Ukrayna-Rusya savaşını sadece iki ülke arasında bir savaş olarak görmediklerini dile getiren Kurtulmuş, başından itibaren bu savaşın, Rusya ile Batı arasında bir savaşa dönüşme potansiyeli taşıdığını, onun için de Rusya-Ukrayna savaşının bir an evvel sona erdirilmesi için gayret sarf ettiklerini kaydetti.
TBMM Başkanı Kurtulmuş, sözlerini şöyle sürdürdü:
"Dolmabahçe'de Rusya ve Ukrayna arasında bir barış anlaşmasının imzalanmasına ramak kalmıştı. Her iki tarafın da kabul edeceği, adil, hakkaniyetli bir barışın yapılması mümkündü. Türkiye bunu gerçekten belli bir noktaya getirdi. Ama gördük ki bu savaşın bitmesini istemeyen bazı güçler, Dolmabahçe'de nihai bir anlaşmanın gerçekleşmesine engel oldular. Rusya-Ukrayna arasındaki gerilimin sadece Karadeniz, Doğu Avrupa değil, belki çok daha geniş bir bölgeye yayılma potansiyeli taşıdığı ortadadır. Dolayısıyla bu krizin sonlandırılabilmesi için Türkiye'nin barışçıl inisiyatifi sonuna kadar kullanacağı, diplomasi masasında her iki ülke arasında barışın temin edilmesi için gayret sarf edeceği açıktır."
Gazze'de süren katliamın Gazze halkına karşı yapılan bir saldırı olmanın çok ötesinde, Netanyahu ve çetesi tarafından bölgesel bir savaşa dönüştürülme tehlikesi taşıdığını belirten Kurtulmuş, bu saldırıların daha büyük sonuçlara yol açmaması için bir an evvel sonlandırılması gerektiğini vurguladı.

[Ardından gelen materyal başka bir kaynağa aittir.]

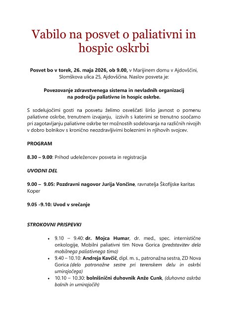 S sodelujočimi gosti na posvetu želimo osveščati širšo javnost o pomenu paliativne oskrbe, trenutnem izvajanju, izzivih, s katerimi se trenutno soočamo pri zagotavljanju paliativne oskrbe ter možnostih sodelovanja na različnih nivojih v dobro bolnikov s kronično neozdravljivimi boleznimi in njihovih svojcev.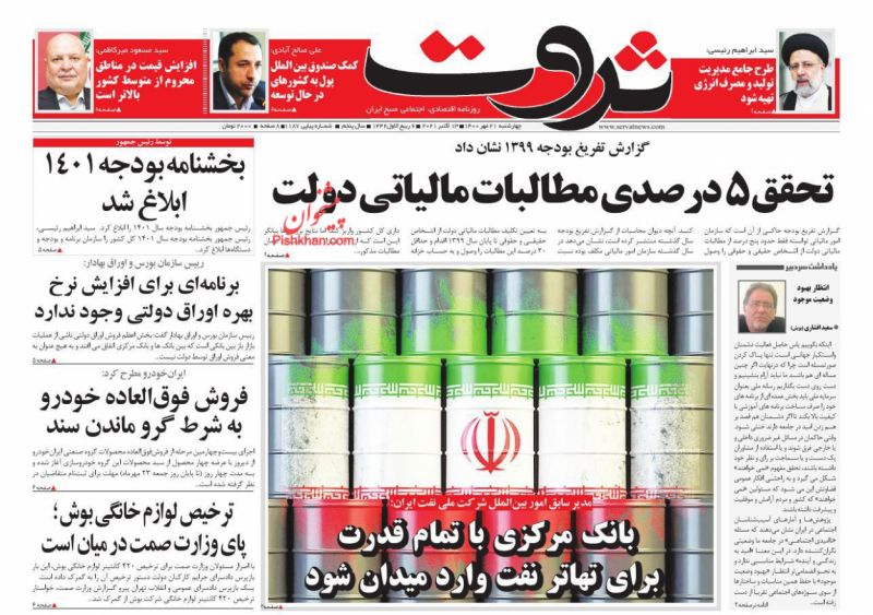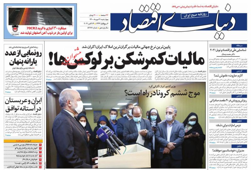 صفحه نخست و عناوین مهم برخی از روزنامه‌های صبح کشور چهارشنبه ۲۱ مهر ۱۴۰۰

ABD'NİN BİRLEŞMİŞ MİLLETLER GÜVENLİK KONSEYİ'NDEKİ GAZZE OYLAMASINDA ÇEKİMSER KALMASI
Birleşmiş Milletler Güvenlik Konseyi'nde, "Gazze'de acilen ateşkes sağlanması" yönünde kabul edilen karar tasarısına ABD'nin çekimser kalmasının iyi bir haber olduğunu kaydeden Kurtulmuş, "Çünkü artık şunu görüyorlar; Netanyahu'yu sırtlarından atarak, ellerini temizleyerek buradan çıkmaları mümkün değil. Çekimser kalarak, yeni bir barış imkanının, en azından ateşkes imkanının ortaya çıkması için bir adım atılmış oldu." ifadesini kullandı.

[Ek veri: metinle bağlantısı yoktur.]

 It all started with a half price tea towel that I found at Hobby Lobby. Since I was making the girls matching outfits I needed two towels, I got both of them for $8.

Kurtulmuş, İsrail'in Gazze'deki saldırıları ile Rusya-Ukrayna savaşının belli açılardan benzerlik taşıdığını vurgulayarak, "Her ikisi de hem bölgesel çatışmaların fitilini ateşleyebilecek bir potansiyele sahip hem de insanlığı yeni bir küresel savaşın eşiğine getirmiştir." görüşünü paylaştı.
"SEÇİMDEN SONRA DA AĞIRLIKLI OLARAK DIŞ POLİTİKA, TÜRKİYE'NİN GÜNDEMİNİ BELİRLEYECEKTİR"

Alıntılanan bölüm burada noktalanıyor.